Rain gives me permission to hide, to seclude myself in my little coccoon of quiet and peace. I opened the window a foot just to listen, and lighting cracked so often it sounded like Thor was making popcorn up there. Tornado’s are threatning to blow into the city, and while I cannot imagine it happening in this foggy flat place, it gave me a blessed excuse to beg out of going to the Taste of the Danforth with Semi-British, who has been prodding me to come out of my funk for days. Too afraid that although I really cannot find the energy to eat right now, I will in the end freak out and binge up and down the street in a wild attempt to make everything go away like I have done in the paste. I really need to tame myself, to explore the depths of my shattered self to find what it is I have been hiding under all the rolls of fat, all the shame of closet eating, all the cravings.
I have discovered, much to my dismay at the simplicity, that just not thinking about how a food tastes takes away most of my craving for it - imagining it as bland and dull, even picturing it in black and white. Yet, this morning, I thought of fruits and vegetables and I intensified my memory of the their deliciousness and really visualized the juices and the smell of it all. Suddenly, my body lurched and all I wanted was to sink my teeth into an orange, into some crisp celery, with the same neediness that I usually feel for chips or chocolate or french fries. I am amazed at how simple it is - not easy, but simple. Left wondering, what else in my life can this be applied to?
As an artist, I often study the elements of some object. Oranges, when I eat them, I pick them apart little juice packet at a time to really savour the design of it, the beauty of it. Perhaps I shall undertake a series of vegetables and fruits for a greater appreciation, a greater gratitude of what is natural and whole.
After having my soul torn apart by the person I was the closest to, I found myself in a depression in which food for the first time had no power to console me. An all out binge when depressed would normally sedate me into pretending I didn’t care, but not this time. This time, I realized that there is nothing that would make it better, certainly not food. And perhaps that was the gift meant to be given, this basic realization that so much of the world already knows but which has alluded me my 33 years: there is no subsitute for love. I finally realized that food will not fix it, will not even begin to make me feel better. I have waited so long for this feeling, and while feeling freer I am no happier. Just alone, in the dark, broken.

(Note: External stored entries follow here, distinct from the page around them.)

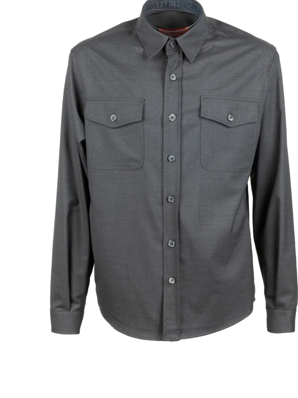 темно-серый, застёжка на пуговицы, нагрудные карманы, длинные рукава, манжеты на пуговицах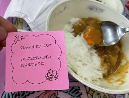 今日のカレーには、調理員さんからの「しあわせにんじん」のプレゼントが入っていました!「いいことがいっぱいありますように」と願いがこめられていますよ♡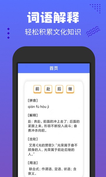 寓教于乐的诗词成语知识答题软件,拥有着极其丰富的诗词和成语,用户在进入之后需要根据前后所给的提示来进行填写,组成正确的诗词或者是成语,同时还会为每个成语进行解释,让大家更好的了解到其所表达的意思,在进行答题的同时还可以不断的学习到更多的知识,玩法简单有趣,只需通过点击,即可将诗词连线,寓教于乐,老少皆宜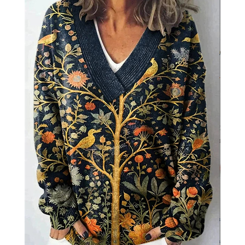 Women's Blouse Dressy Tops Color Block Plain Elegant Vintage Ladies Long Sleeve V Neck Regular Tops Work Daily Holiday Patchwork Blue Fall Winter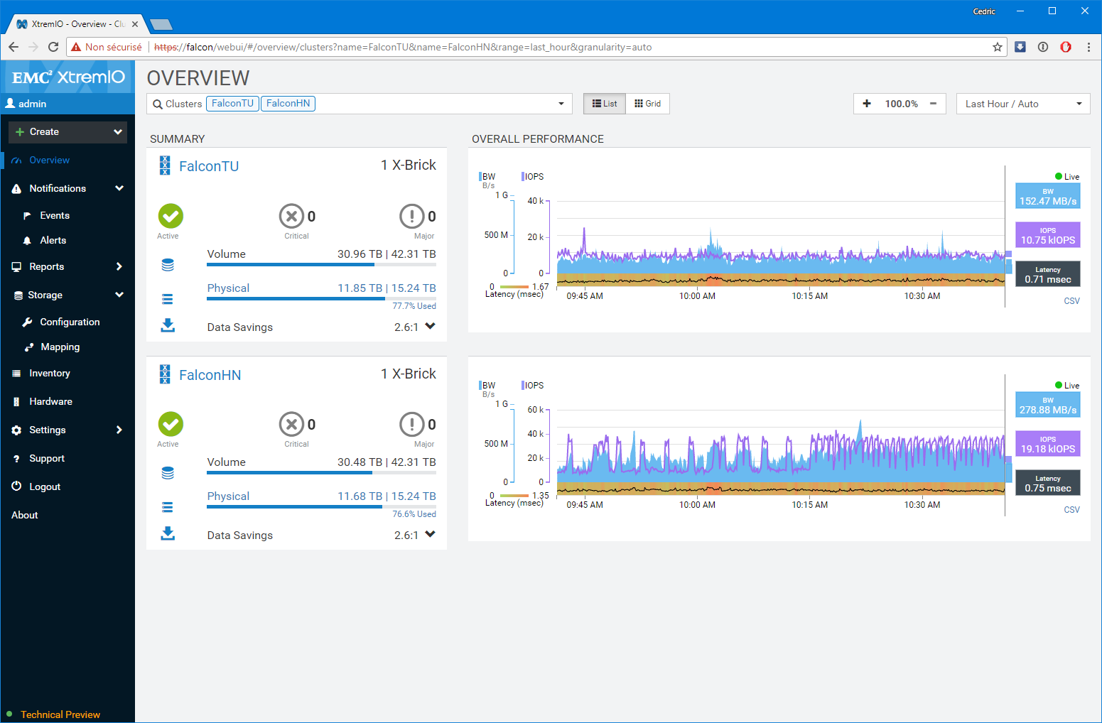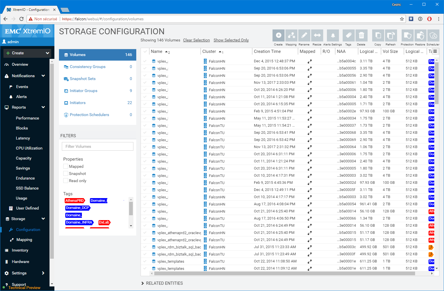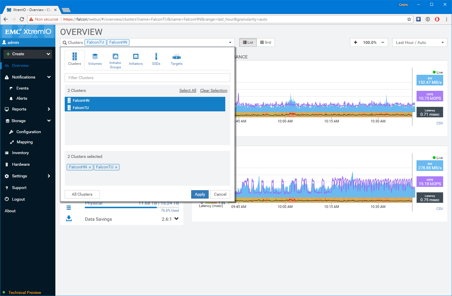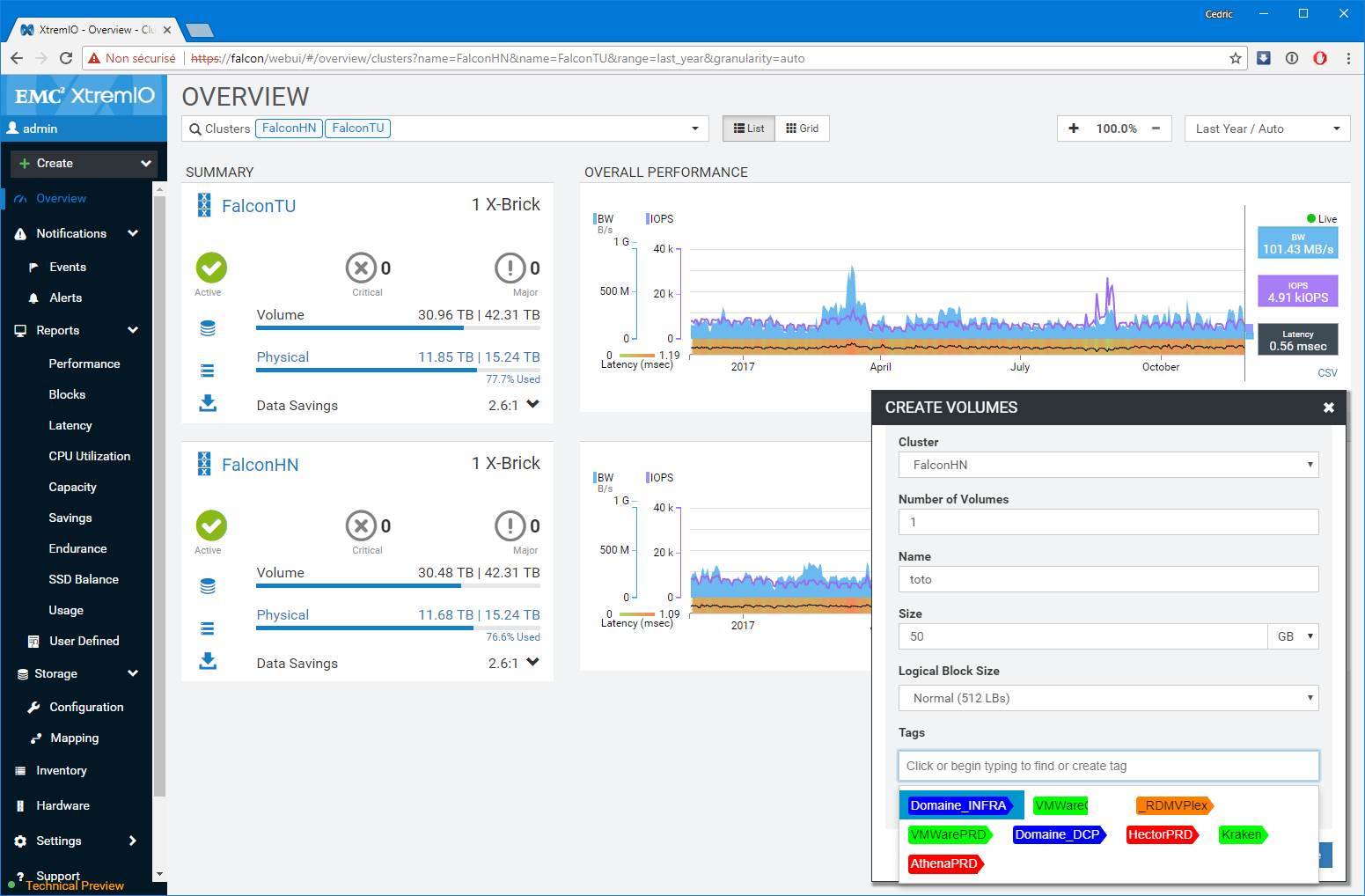 Premier bon point, les équipes de développement n’ont pas seulement réalisé un portage un-pour-un des fonctions disponibles sur l’applet Java, elles ont également grandement amélioré les fonctions de capacity planning et de monitoring (ce n’était pas un mal). Notamment, le dashboard de supervision sur lequel vous atterrissez est particulièrement bien pensé et s’adapte à la sélection réalisée. Par Défaut, l’interface présente l’ensemble des baies gérées par la XMS, mais si vous modifiez la sélection en vous focalisant sur l’une d’elles en particulier, le tableau de bord détail un peu plus le workload avec les LUNs les plus utilisées ou des graphes spécifiques de ratio IOps/Latence et BW/Latence bienvenus. D’une manière générale, c’est très ergonomique et pratique.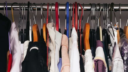Before hitting the panic button and completely gutting your closet, simply leave the closet door open for an hour after you shower or while you're doing laundry. Ideally, leaving the door open longer will maximize fresh airflow. Additionally, when hanging your clothes, avoid packing hangers tight against each other. Aim for one inch of space between garments to allow air to circulate. You can also make the switch to wire shelving if you don't already have them — this will allow air to flow vertically.

So my old journey with food has been revived, though with new direction. For me it isn’t about health, or even about wanting to look good (although, truth be told I wouldn’t mind waking up looking like a model) but about coming to accept that I am an addict no different than an alcoholic. For me, though, there is no dividing line between sobriety and gluttony. Did I eat that extra few bites of food because I really needed it, or because of my inner addict? If I were an alcoholic, and I walked into a bar and ordered a scotch, I’d know. But what if I have soup and add on half a sandwich for good measure? Am I just making sure to provide for my body, or am I indulging even just a little bit?
What I have determined is this: I must learn to be comfortable with hunger. I must learn to sit with my hunger, to be friends with it, to understand that I do not need to be controlled by it, that there is no fear in it. So for the next month, my intention is to eat as sparingly as possible (average 800 to 1000 calories) - not to lose weight, but to intentionally create hunger and learn to feel comfortable with it and not controlled by it.
For my friend, you will always have my heart and you will always be my home.